WARNING: the APIs are intended for interactive use only, and do not support more than several requests per user per minute. To process many variants in batch, please install and run the underlying models directly on your local infrastructure. Their source code is available @ https://github.com/bw2/SpliceAI and https://github.com/bw2/Pangolin.

To query the API, select the appropriate base url above, and then use the following endpoints and arguments:

/spliceai/?hg=38&distance=50&variant=chr8-140300616-T-G

Get SpliceAI scores for the given variant.

  • variant (required) a variant in the format "chrom-pos-ref-alt"
  • hg (required) can be 37 or 38
  • distance (optional) distance parameter of SpliceAI model (default: 50)
  • mask (optional) can be 0 which means raw scores or 1 which means masked scores (default: 0). Splicing changes corresponding to strengthening annotated splice sites and weakening unannotated splice sites are typically much less pathogenic than weakening annotated splice sites and strengthening unannotated splice sites. When this parameter is = 1 (masked), the delta scores of such splicing changes are set to 0. SpliceAI developers recommend using raw (0) for alternative splicing analysis and masked (1) for variant interpretation.

/pangolin/?hg=38&distance=50&variant=chr8-140300616-T-G

Get Pangolin scores for the given variant.

  • variant (required) a variant in the format "chrom-pos-ref-alt"
  • hg (required) can be 37 or 38
  • distance (optional) distance parameter of SpliceAI model (default: 50)
  • mask (optional) can be 0 which means raw scores or 1 which means masked scores (default: 0). Splicing changes corresponding to strengthening annotated splice sites and weakening unannotated splice sites are typically much less pathogenic than weakening annotated splice sites and strengthening unannotated splice sites. When this parameter is = 1 (masked), the delta scores of such splicing changes are set to 0. SpliceAI developers recommend using raw (0) for alternative splicing analysis and masked (1) for variant interpretation.

Local Install

The steps below describe how to install the API server on your local infrastructure. The details will vary depending on your OS, etc. If you run into issues, please submit them to the issue tracker.

  1. Install pytorch as described in the Pangolin installation docs
  2. Install the modified versions of SpliceAI and Pangolin from https://github.com/bw2/SpliceAI and https://github.com/bw2/Pangolin
  3. Install and start a redis server.

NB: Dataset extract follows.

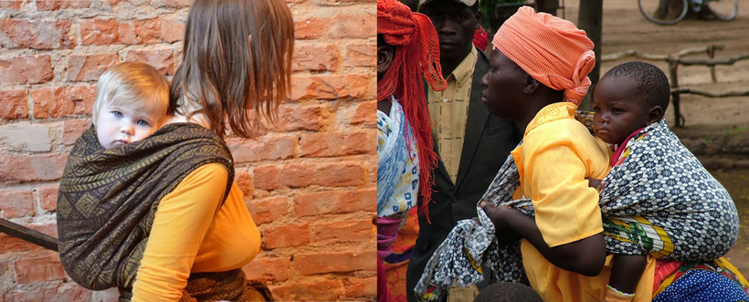 - В последнее время стало модно носить младенцев в слинге. Этот способ переноски младенцев мы подсмотрели как раз в африканских племенах.
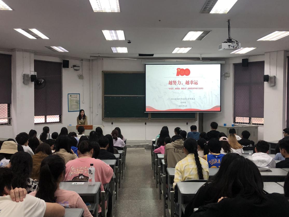 424日下午200,伟德国际1946源于英国在5C103开展了“学党史、感党恩、跟党走”省级优秀大学毕业生先进事迹宣讲会,学院学生党建指导老师赵赋聪、省级优秀毕业生代表、2020级学生近150人参加了此次活动。

It's used to cache previously computed API server responses so that they don't have to be computed again.
  4. Download reference fasta files: hg19.fa and hg38.fa
  5. Generate annotation files using the steps in the annotations README.
  6. Start the API server on localhost port 8080. To modify server options, edit the start_local_server.sh script:
$ git clone git@github.com:broadinstitute/SpliceAI-lookup.git  # clone this repo  
$ cd SpliceAI-lookup  
$ python3 -m pip install -r requirements.txt  # install python dependencies  
$ ./start_local_server.sh  

The server uses ~1.5 Gb RAM per server thread.


For Developers

The spliceailookup.broadinstitute.org front-end is contained within index.html. It uses ES6 javascript with Semantic UI and jQuery. Also, it uses a custom version of igv.js that includes new track types for visualizing the SpliceAI & Pangolin scores. The original server-side code is in server.py and uses the Flask library. It is designed to run on a plain Linux or MacOS machine. The new server-side code is in the google_cloud_run_services/ subdirectory and includes Dockerfiles and scripts for deploying SpliceAI and Pangolin API services to Google Cloud Run.